• **The problem**
Copy out all the lines of the data precisely, omitting any pictures.

*** Material for the task ***

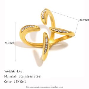 European and American cross-border hot-selling Fashionable, niche-design stainless steel 18K gold-plated four-claw open ring
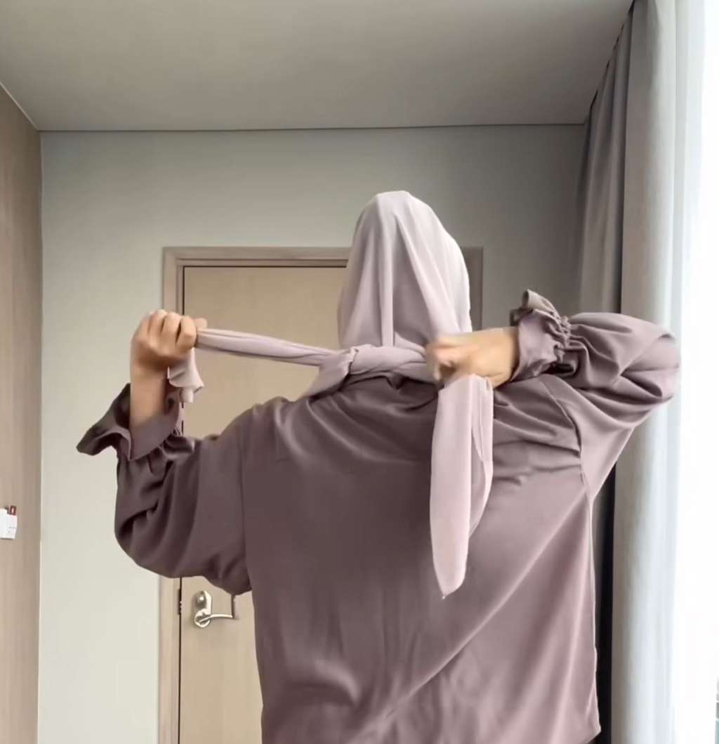 Setelah itu, ia ambil ujung dari sisi kerudung dan dibawa ke bagian belakang. Ujung kerudung lalu diikatkan satu sama lain.
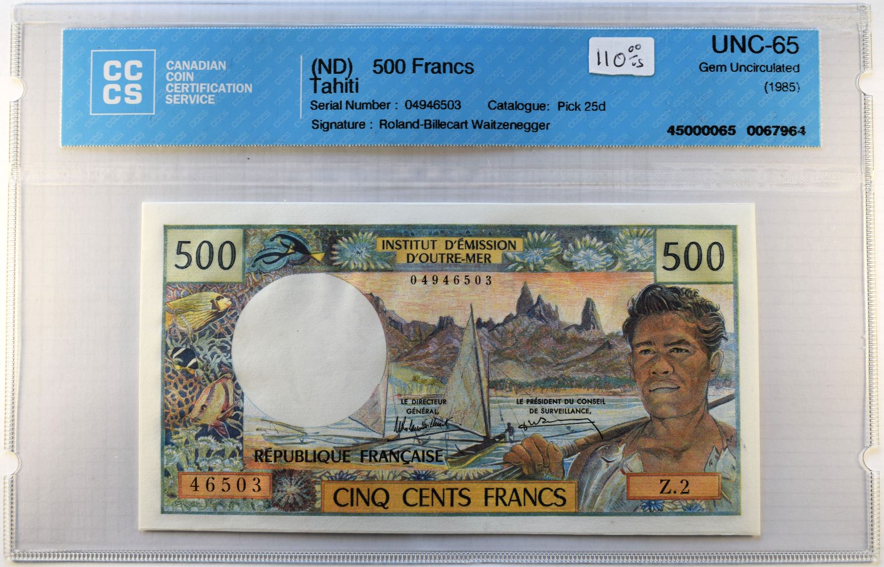 Tahiti, 500 Francs ND (1985) Pick 25d Gem UNC-65 Certified CCCS
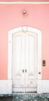 Et stemningsfuldt fotografi af Raisa Zwart fra Lissabon: en skarp hvid dør i en pudderrosa facade, indrammet af klassiske detaljer og solvarme skygger. De blide pasteller og røde accenter fremhæver byens poetiske rytme, hvor stenbelagt gade, patina og sommerlys skaber rolig, urban charme. Perfekt til at bringe varme og farve ind i hjemmet.
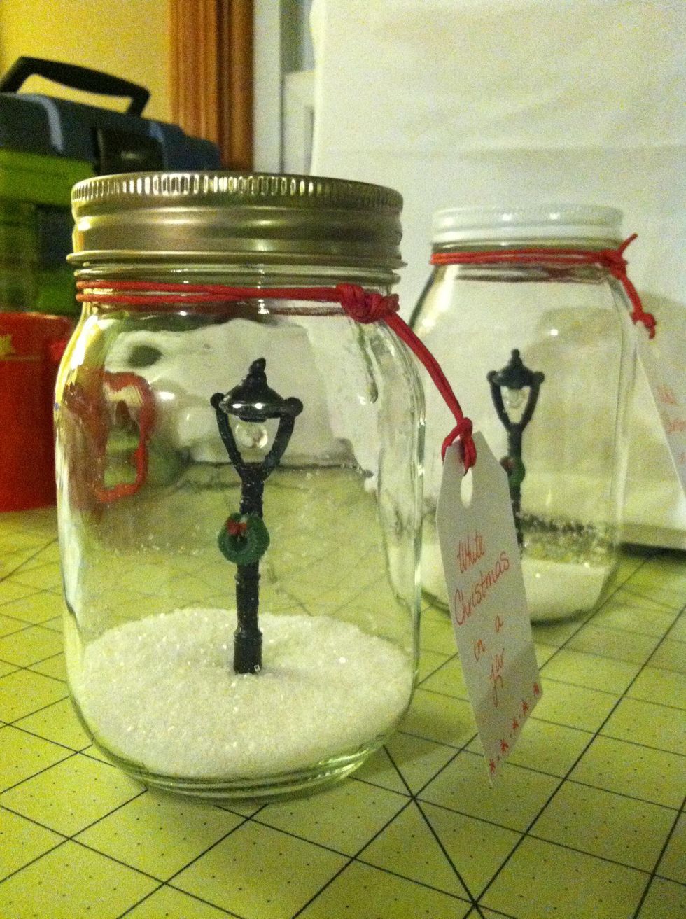 You can put anything you want in these jars. I found my trees and lamp posts at hobby lobby in the doll house section.
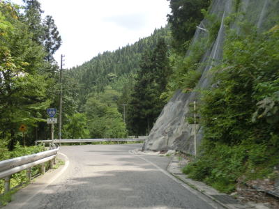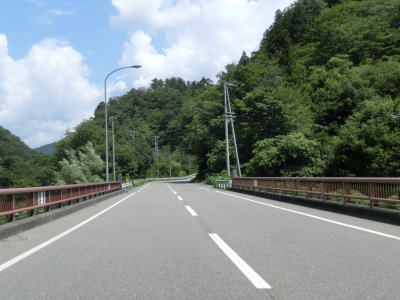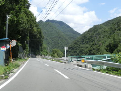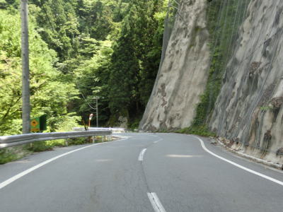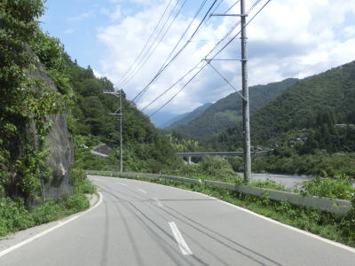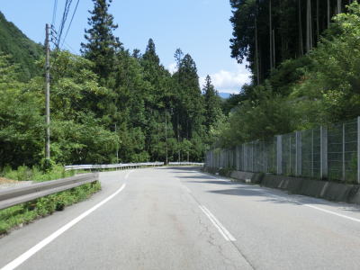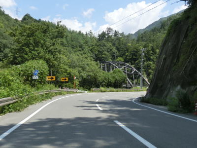 | 瀬戸沢橋を渡って早木戸川の右岸に移ってからも道路状況に変化はない。法面の落石防止対策がされている所を中心に2車線道路になっている箇所もあるが、基本的には1.5車線幅の狭路が続いている。交通量は少ないが、奥に天龍村の中心部があるため対向車が現れないとも限らない。 | ||
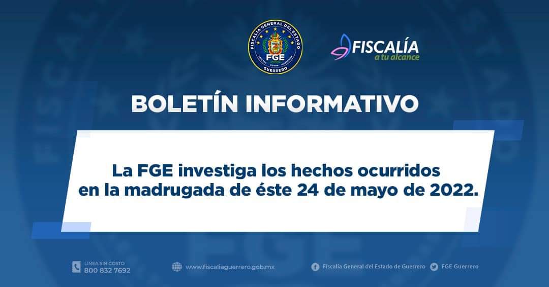 La Fiscalía General del Estado (FGE) informó que se inició la carpeta de investigación correspondiente, con motivo de los hechos ocurridos en la madrugada de éste martes 24 de mayo en Chilpancingo, Gro.

*** End of Material for the task ***

• **Response for this exercise**
 European and American cross-border hot-selling Fashionable, niche-design stainless steel 18K gold-plated four-claw open ring
 Setelah itu, ia ambil ujung dari sisi kerudung dan dibawa ke bagian belakang. Ujung kerudung lalu diikatkan satu sama lain.
 Tahiti, 500 Francs ND (1985) Pick 25d Gem UNC-65 Certified CCCS
 Et stemningsfuldt fotografi af Raisa Zwart fra Lissabon: en skarp hvid dør i en pudderrosa facade, indrammet af klassiske detaljer og solvarme skygger. De blide pasteller og røde accenter fremhæver byens poetiske rytme, hvor stenbelagt gade, patina og sommerlys skaber rolig, urban charme. Perfekt til at bringe varme og farve ind i hjemmet.
 You can put anything you want in these jars. I found my trees and lamp posts at hobby lobby in the doll house section.
 | 瀬戸沢橋を渡って早木戸川の右岸に移ってからも道路状況に変化はない。法面の落石防止対策がされている所を中心に2車線道路になっている箇所もあるが、基本的には1.5車線幅の狭路が続いている。交通量は少ないが、奥に天龍村の中心部があるため対向車が現れないとも限らない。 | ||
 La Fiscalía General del Estado (FGE) informó que se inició la carpeta de investigación correspondiente, con motivo de los hechos ocurridos en la madrugada de éste martes 24 de mayo en Chilpancingo, Gro.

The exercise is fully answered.